Development of a novel in situ sequencing technique for mapping of genes, circuits, and repair in the human brain

The translation of experimental findings in neuroscience, from advanced human cell systems (in vitro and in vivo) to and from the clinic, is still a significant hurdle.

Place, phenotype, and connectivity are critical to the understanding of brain neural circuitry but challenging to assess together.

What we are working towards here is to develop a novel sequencing approach, called Lock-seq, that achieves spatial details on a sub-micrometer scale but provides the throughput and economics to map thousands of genes in each brain section. The Lock-seq technology will open up for a new way to map gene expression patterns in single brain tissue sections.

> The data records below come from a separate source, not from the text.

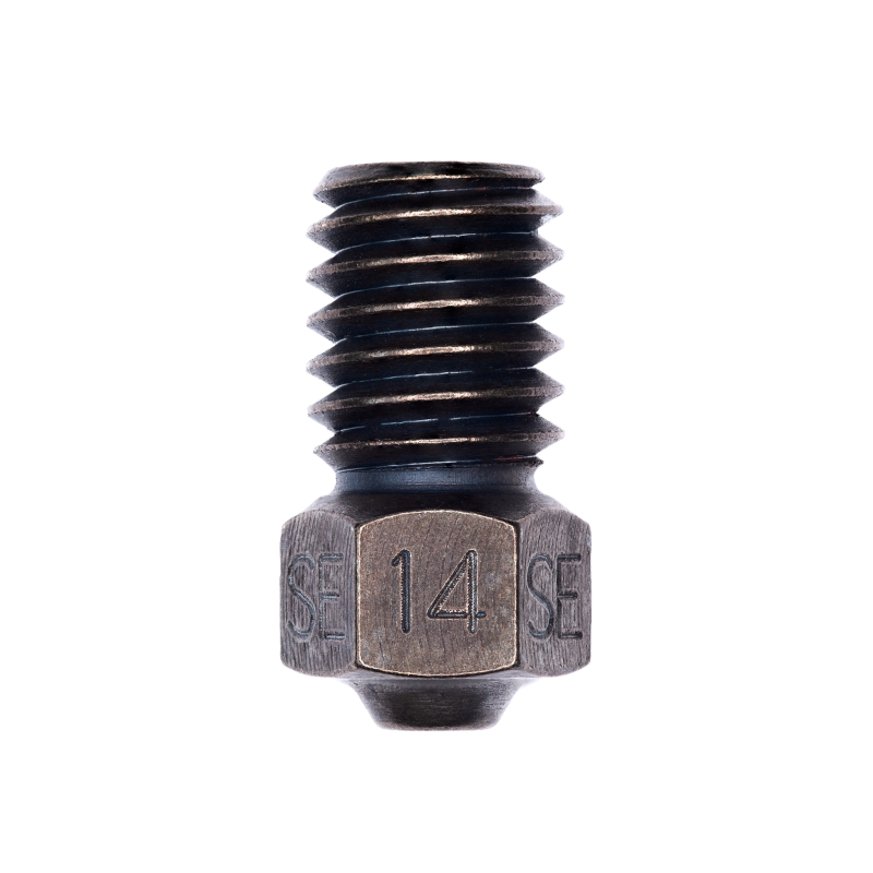 With a Limited Lifetime Warranty against abrasive wear, the GammaMaster Nozzle will print the entire gamut of thermoplastic materials. From basic PLA to glass fiber reinforced PEI, the GammaMaster Nozzle excels at printing abrasive filaments with a Rockwell C hardness level of 63.
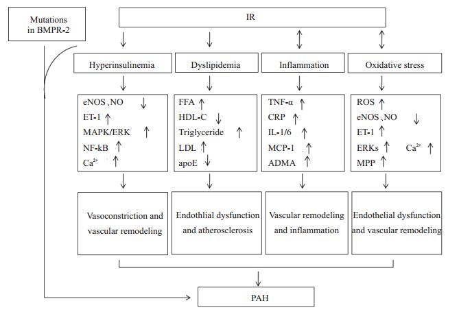 图 2 IR与PAH的相关机制 Figure 2 Mechanisms by which IR promotes the development of PAH. |
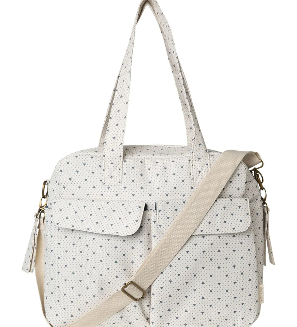 Fin That’s Mine pusletaske i en hvid nuance med et alloverprint af små hjerter og prikker i blå.
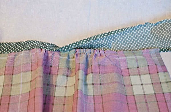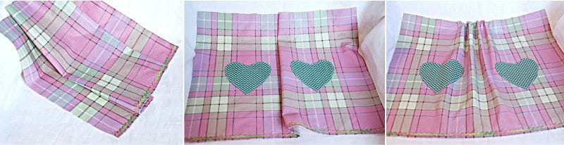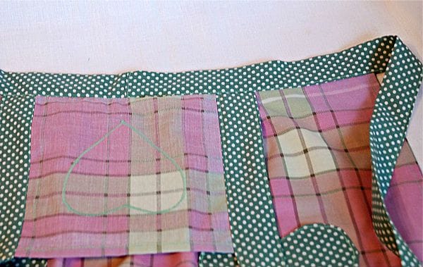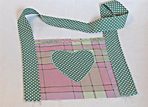 - After you have made small folds on the apron, it's time to connect your top and bottom of the future apron. In the center of the chest part and the apron part, you need to lay the wrong side of the top, placing it symmetrically and fix the part on the sides of the center. We also fix our tie down face down.
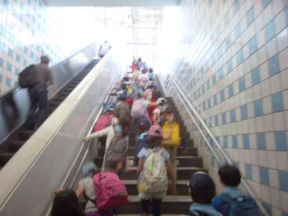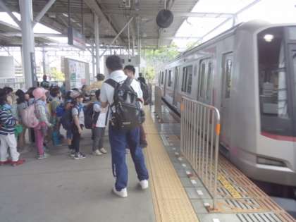 予定通りの電車に乗って、学校に戻ります。 好天に恵まれて、よい遠足になりました。

Our goal is to develop a technique that is usable on human tissue as well as in complex chimeric models, such as “humanized” mice, human organoids, and in experiments using transplants of human ESC-derived cells.

The long-term goal of this project is to develop a set of innovative tools that will be combined into a new method of gene-transfer connectomics. The approach is based on the transfer of molecular address labels (barcodes) between neurons across synapses.

It provides detailed information on the location of neurons, their connectivity, and the identity of their synaptic partners.With this approach, we aim to dissect the functional changes occurring in the human brain with epilepsy and to deepen our understanding of nerve cell development and maturation in stem cell-based restorative therapies for Parkinson’s disease.